Hmmm....last time I checked 8-1 is an improvement over 5-3, but you can count right? Its been fun punching holes through both your witty, clever titles and arithmetic. But you seem pretty narrow-minded so I don't know if my retorts are sinking in. Seriously, how is the US even medaling since they are playing such an "inferior" brand of basketball to your FIBA darlings? You know, the ones you alledge play a "true" brand of basketball. Explain that one to me, I would be delighted to hear it. 

"Lebron, with his high school education", wow it only took you about an hour to bring that up, better than the few days it took to claim the title of "USA Conquerors," maybe you're not as much of an imbecile as I thought. Why shouldn't he be proud of his bronze medals? they came in two of the most competitive international tournaments in recent memory.

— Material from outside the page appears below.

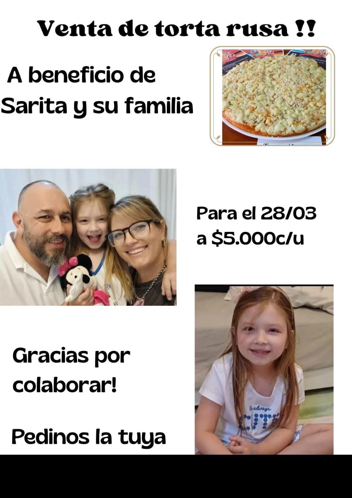 TODOS POR SARITA!!! Flavia Sanero en redes, esta levantado pedidos de torta rusa. Si alguien quiere colaborar le escribe por redes.
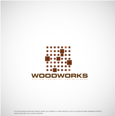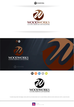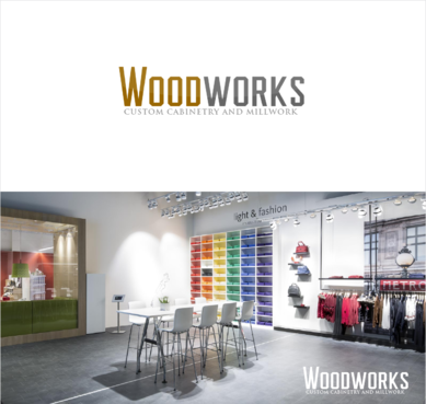 Id like the word "Woodworks" to become the main logo. Im up for all ideas. I want the logo to be "high end" looking but at the same time trendy looking. I don't have to use all three colors but I want the logo to have a natural feel. We are essentially a custom kitchen cabinet showroom that also designs various pieces throughout peoples homes.

So they didn't have the best team, they still have the best individuals, which doesn't guarantee anything, but increases the US's chance and helps alleviate some of the advantages that other teams have in cohesive teamwork.


----------



## BucketDawg

Ok, any team that truly wants to be ranked number 1 in the world, imo, can't take that ranking until they have to accept the responsibility of winning that USA has to deal with. Where even if you win, you lose, whereas no victory is decisive enough, teamwork can't be crisp enough, and every game, even exhibitions, matter. Spain may soon take that title, you never know, but if they do, they have to accept that responsibility.


----------



## DKaiser

BucketDawg said:


> So *they didn't have the best team*, they still have the best individuals, which doesn't guarantee anything.


There you go! See. You do agree they don't have the best team. What can I say?


----------



## DKaiser

BucketDawg said:


> Hmmm....last time I checked 8-1 is an improvement over 5-3, but you can count right?


Well, look at the bigger picture, Bronze = Bronze and Bronze < Gold. I'm sure Spain's not going to trade Gold for Bronze.


----------



## BucketDawg

Never did I once claim that they did have the best team, I admitted that they have serious problems with their FT's, and other than that all I did was defend them against your silly titles. Greece beat them, period. All I'm trying to do is defend them against posters such as yourself who still feel the need to attack them in any way or shape, such as Lebrons' intelligence. You seem to basically want "to have your cake and eat it too" with Team USA. You pounce on them when they lose one game, yet downplay their accomplishments when they achieve medals, which is an accomplishment since you and I both know that international competitions today are vastly more competitive. I'm sure your posts would be even more vindictive and narrow-minded had they lost to Argentina for the bronze.


----------



## DKaiser

BucketDawg said:


> Why shouldn't he be proud of his bronze medals?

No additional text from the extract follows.